It appeared to him at first that getting people to care was a big hurdle. We are bombarded with input on a daily basis, some of it is deliberately made up like tv drama for example. We perhaps don't always see the diamond among the glass because the glass is crafted to look exactly the same. No doubt, we hardly care about the characters on the screen, sure the stories tamper with our emotions and pull at our strings, but we don't involve ourselves more than perhaps a brief conversation over the ending credits. Real people don't have ending credits, and their stories don't warrant impersonal conversation. We want personal interaction, we crave it, we desire a sense of validation that we fit in somehow.
When Shala isn't contributing, he says he feels like he's in a “dark and gloomy place”. Yet with the arts, it's sometimes difficult to see how our work contributes. It's only when we get people saying to us that they understand and appreciate our art for themselves when we feel that we are contributing. Passive art is always powerful stuff, subconsciously we absorb all the images and phrases put before our eyes, so all the artists who feel underrated can take solace in this fact of life. It all nudges us in one direction or another, to varying degrees of freedom.
Tackling this issue for Shala was important. He wanted to assert a practical and clear benefit to his art. Maybe as assurance that he's not a narcissistic personality who knows the world would be better because of his random creations, he's looked towards real issues that actually do need our creative input. Solar power is one of those issues. Because of dirty fossil fuels and sinister nuclear power, the need for renewable and sustainable clean energy solutions is greater than ever. Being a Nigerian American, sunshine is something close to Shala's heart.

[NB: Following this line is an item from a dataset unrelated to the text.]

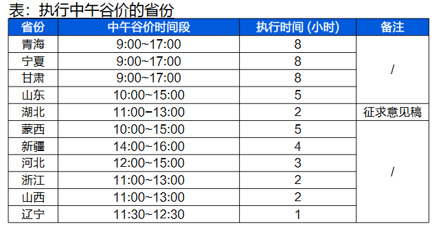 此外,當前峰谷價差套利是工商業(yè)儲能的主要盈利渠道,儲能系統(tǒng)價格下行有望進一步提升經(jīng)濟性。隨著光伏發(fā)電供大于求,中午執(zhí)行谷段電價或成為趨勢。截至目前,全國已有11個省份部分月份中午出現(xiàn)谷電,2充2放從原來的1次峰/谷+1次峰/平轉(zhuǎn)變?yōu)?次峰/谷,儲能收益進一步提升。

Sculpting with solar panels and painting them with classy imagery is the genius idea that might just get people interested in not only Shala but solar power too. With the help of his techie friends at M.I.T., a porous film was developed that held the pigment and allowed light to pass through it. When we have sunshine we have power and when we have power we have progress. It's important to make sure the progress is in the right direction, ethical and responsible policies must replace the outdated self-serving and non-future proof dinosaurs that came out of the industrial revolution. We learned from those days about giving workers decent conditions, decent pay, and now we are learning about cleaning up our processes. Shala has found freedom by contributing and by putting his creativity into the equation. One without the other doesn't lead to freedom for him.